Мария держит на коленях безжизненное тело Иисуса, точно укачивает младенца. Ее юное чистое лицо задумчиво, но не искажено страданием, кажется, что к юной груди Мадонны, проступающей из-под мягких складок ткани, вот-вот прижмется новорожденный. Что это? Воспоминания о прошлом над истерзанным телом сына, когда горе так велико, что нет места ни слезам, ни стенаниям? Или это предчувствия юной женщины, готовящейся стать матерью, щемящая боль в ее сердце, предвестник грядущих невосполнимых утрат? Энигму первого римского шедевра Микеланджело каждый раскрывает по-своему, и именно в этом состоит ее притягательная сила. Гениальный создатель Пьеты, мыслитель и поэт, ведет с нами непрерывный диалог уже более пятисот лет.

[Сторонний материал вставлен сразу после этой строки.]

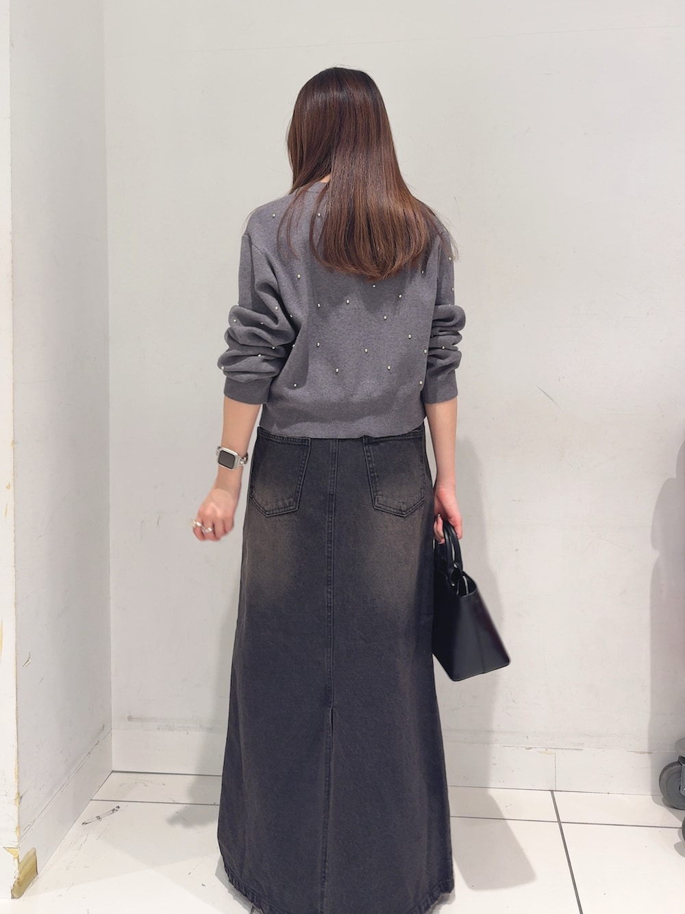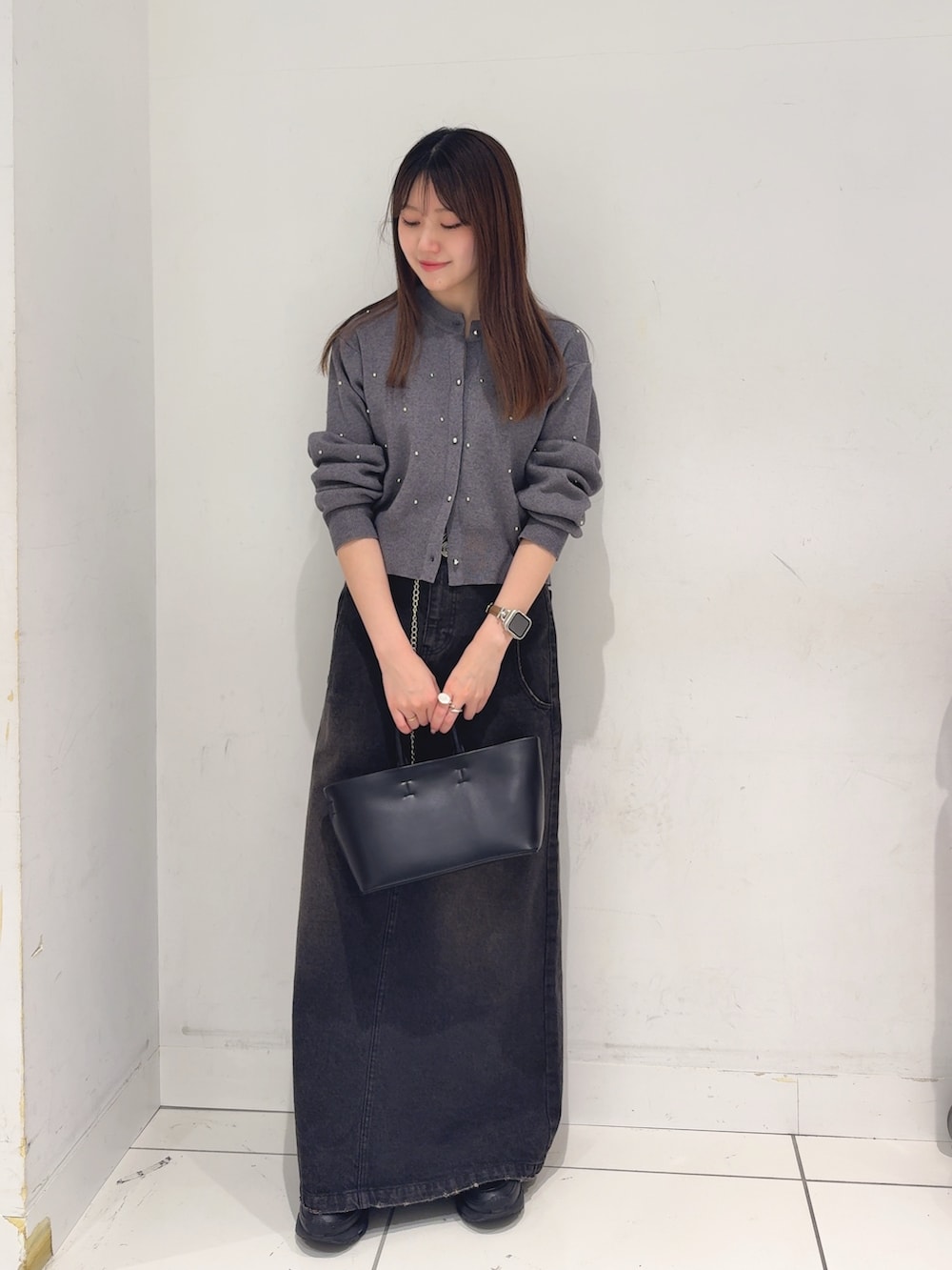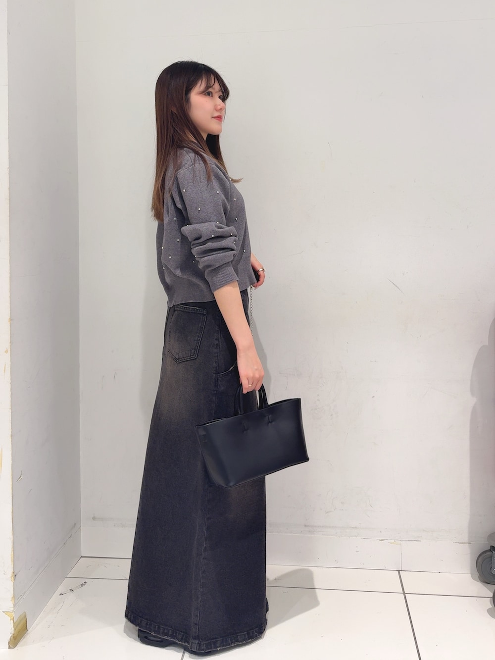 アクセントにメタリックなベルトを合わせました🪩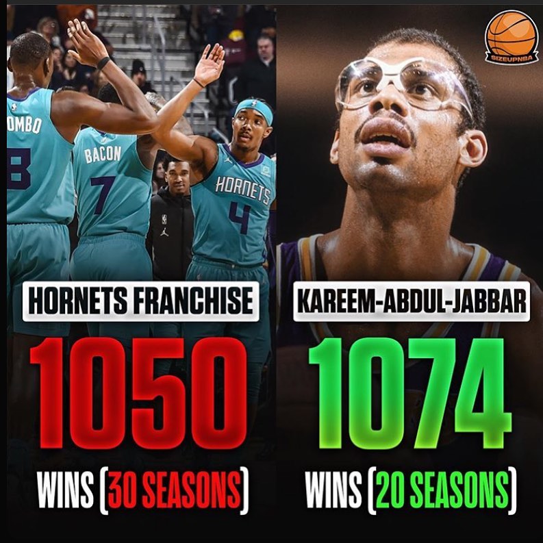值得一提的是,天勾贾巴尔职业生涯20年(1969年-1989年)赢的比赛比黄蜂队史30年更多。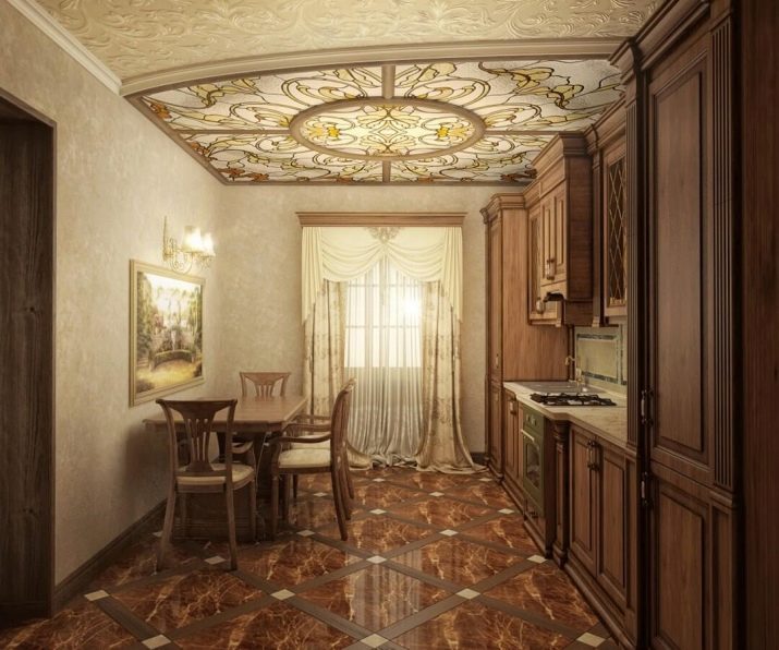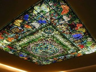 Покритието с витражи или с машинно покритие от стъклопис ще бъде подходящо за разглеждане на помещения, направени в английски, африкански, гръцки или римски стилове. Огледалната версия ще бъде подходяща в помещения, които са направени в стила на минимализма, модерен, хай-тек. Таванът за отпечатване на снимки може да се монтира в китайски или японски стаи.

Человек из другого столетия, странник былых времен, влюбленный в искусство, на нашем месте постоял бы у первого придела и вышел из церкви, чтобы удержать в душе хоть ненадолго то пронзительное чувство, которым одарила его Пьета. Но мы живем в суматошную эпоху, когда не только размышлять, но и предаваться чувствам нужно очень быстро. Поэтому продолжим наш путь под сводами храма, где больше нет места сдержанным эмоциям Ренессанса. Базилика с ее роскошным убранством скорее напоминает королевский театр, в котором под торжественные звуки фанфар могло бы разыграться сказочное представление. Во многом это заслуга того скульптора и архитектора, которого уже в детстве начали сравнивать с Микеланджело. Титанический труд Бернини и полстолетия, отданные Ватикану, в какой-то мере уравнивают его со знаменитым предшественником, хоть принадлежность к разным поколениям и несхожесть характеров могли бы отдалить этих двух гигантов. Но в Ватикане один дополняет другого. Как бы смотрелись идеальные пропорции купола, задуманного Буонарроти, если бы после смерти мастера в базилику не просочился порывистый ветер зарождающегося барокко? Мы бы сейчас дивились гармоничной, но лишенной драгоценных и слегка легкомысленных деталей архитектуре, а в подкупольном пространстве не парила бы с виду ажурная, а на деле многотонная сень над папским алтарем.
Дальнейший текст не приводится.